Cette guerre n’est que le plus récent écueil pour le commerce international, après la crise
sanitaire et le différend commercial entre les États-Unis et la Chine. Réunis, ces chocs
poussent les entreprises à passer à l’action et à accorder la priorité à la sécurité du commerce
plutôt qu’à son efficience. Pour ce faire, elles revoient leurs chaînes d’approvisionnement en
augmentant le nombre de leurs fournisseurs, en accumulant des stocks et en investissant dans
l’intégration verticale. Par ailleurs, les gouvernements adoptent de plus en plus des politiques
industrielles à l’intention des secteurs « stratégiques » afin de réduire leur dépendance
économique. Si, au final, de telles mesures rendent les entreprises plus résilientes, elles
entraînent des coûts supplémentaires importants, qui seront sans doute répercutés aux
consommateurs et aux contribuables. La fin de la mondialisation ne s’impose pas comme un
scénario allant de soi. Chose certaine, une transformation est en train de s’opérer. Pour une
nation commerçante comme le Canada, il est vital de comprendre comment elle évoluera.

10. Vague de défauts chez les entreprises


Outre les marchés des capitaux et les entités souveraines, les entreprises représentent une
autre catégorie d’actifs à surveiller de près. L’économie mondiale a repris du poil de la bête
au deuxième trimestre de 2020 et de 2021, mais ces gains ont été réalisés aux prix d’une
hausse sensible de l’endettement des entreprises. Cet endettement a été favorisé par les
généreuses garanties sur les prêts consenties par les gouvernements et un coût d’emprunt à un
plancher inédit, les banques centrales déployant des programmes de relance monétaire en
abaissant les taux d’intérêt. Or, le repli économique – causé par les tensions inflationnistes et
les problèmes de la chaîne d’approvisionnement – et des conditions financières plus serrées
posent des risques pour les entreprises puisque les investisseurs se détournent des entreprises
endettées et exigent des rendements plus élevés.

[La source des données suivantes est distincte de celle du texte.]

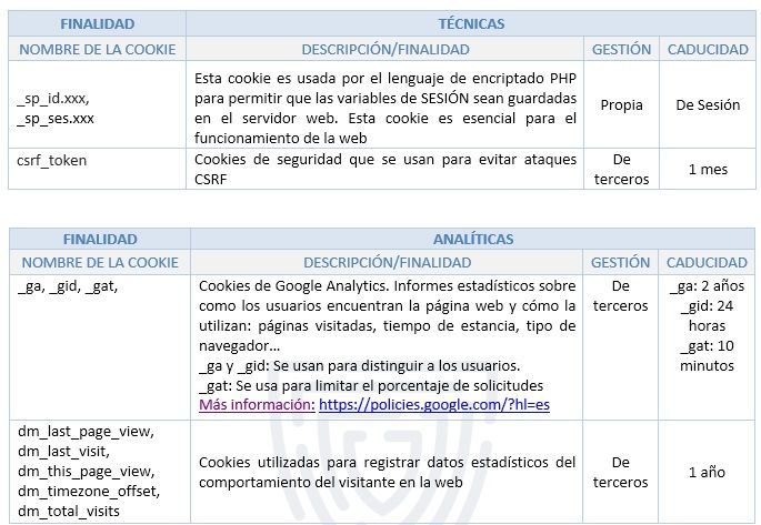 En esta web se utilizan las siguientes cookies
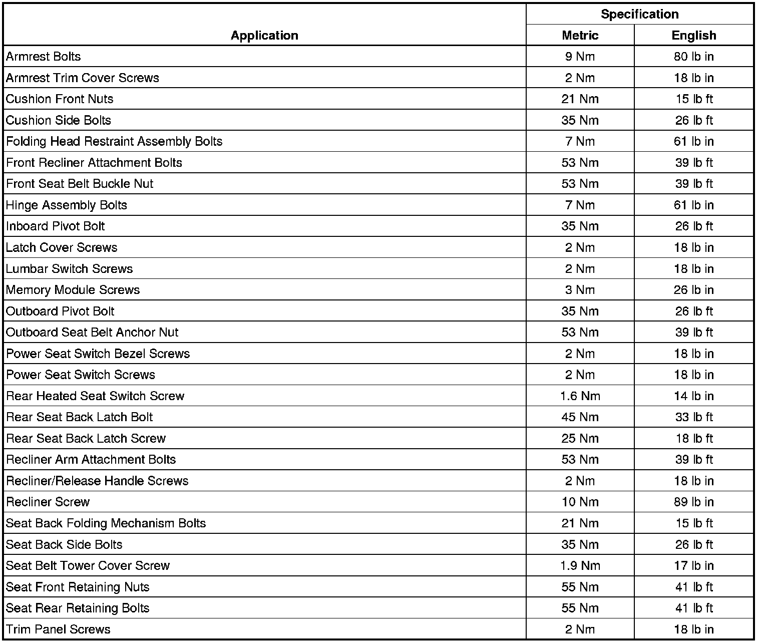 Fastener Tightening Specifications

L’accès facile aux marchés du crédit a permis aux entreprises « zombie » – à savoir celles qui
ne sont pas viables sur le plan financier – de survivre sans remplir des exigences en matière de
profitabilité et de productivité, et ce, en tirant parti des ressources des banques et des marchés
financiers. Selon certaines estimations, un cinquième des 3 000 plus grandes sociétés cotées
en Bourse seraient considéré comme des « zombie ». L’accès sans réserve aux marchés du
crédit étant révolu, alors que les gouvernements retirent leur soutien financier et que
l’économie ralentit la cadence, le risque à court terme d’une vague de défaut chez les
entreprises est une éventualité à laquelle les exportateurs canadiens doivent se préparer.